本セミナーでは、創薬研究の新規化合物探索において活用されておりますin silico手法、CGBVS法 (Chemical Genomics-Based Virtual Screening) の新たな技術応用についてご紹介いたします。
京都大学で技術開発されたCGBVS法は、化合物の記述子とタンパク質のアミノ酸配列のデータを機械学習するアプローチで、創薬の新規化合物探索や選択性評価などで利用されています。我々は網羅的な予測計算を高速で行うこの手法の特徴を生かし、2021年5月、8月と2つの応用技術についての論文を発表いたしました。

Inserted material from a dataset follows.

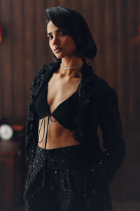 Featuring the Fasana Bandeau from Twenty Nine India, this midnight black tie-up bandeau offers a sleek and minimal silhouette. Designed for versatility and comfort, it pairs effortlessly with layered or statement pieces, making it a chic essential for contemporary festive and formal styling.

それぞれの論文内容については以下に記しますが、セミナーでは著者より論文内容のポイントについてご紹介・解説させていただきます。
-
Discovery of Novel eEF2K Inhibitors Using HTS Fingerprint Generated from Predicted Profiling of Compound-Protein Interactions
Atsushi Yoshimori; Enzo Kawasaki; Ryuta Murakami; Chisato Kanai
Medicines 2021, Volume 8, Issue 5, 23
https://doi.org/10.3390/medicines8050023<概要>
CGBVSを応用したChemogenomics-Based Similarity Profiling(CGBSP)法に関する論文になります。CGBSP法とは、化合物-タンパク質相互作用(CPI)の予測プロファイリングから生成されたフィンガープリントを用いた類似構造探索法です。論文ではCGBSP法を用いて非定型プロテインキナーゼのeEF2Kに対し阻害活性を有する新規化合物を得た事例を報告しています。
-
Computational Prediction of Compound–Protein Interactions for Orphan Targets Using CGBVS
Kanai, C.; Kawasaki, E.; Murakami, R.; Morita, Y.; Yoshimori, A.
Molecules 2021, 26(17), 5131
https://doi.org/10.3390/molecules26175131<概要>
CGBVSを用いて、学習可能なリガンドデータが無いようなオーファンターゲット(GPCR)に対するリガンド予測の性能評価を行った論文となります。化合物とタンパク質のそれぞれの記述子(特徴量)について、複数の組み合わせを検討しており、オーファンターゲットのリガンド予測にはMSA(Multiple Sequence Alignment)を利用したタンパク質記述子が有効であることが示されました。また、オーファンターゲットに対するCGBVS法の適用可能性を測るApplicability Index(APX)を定義し、APXがある閾値以上の値になるターゲットに対しては高い予測精度が期待できることを示しました。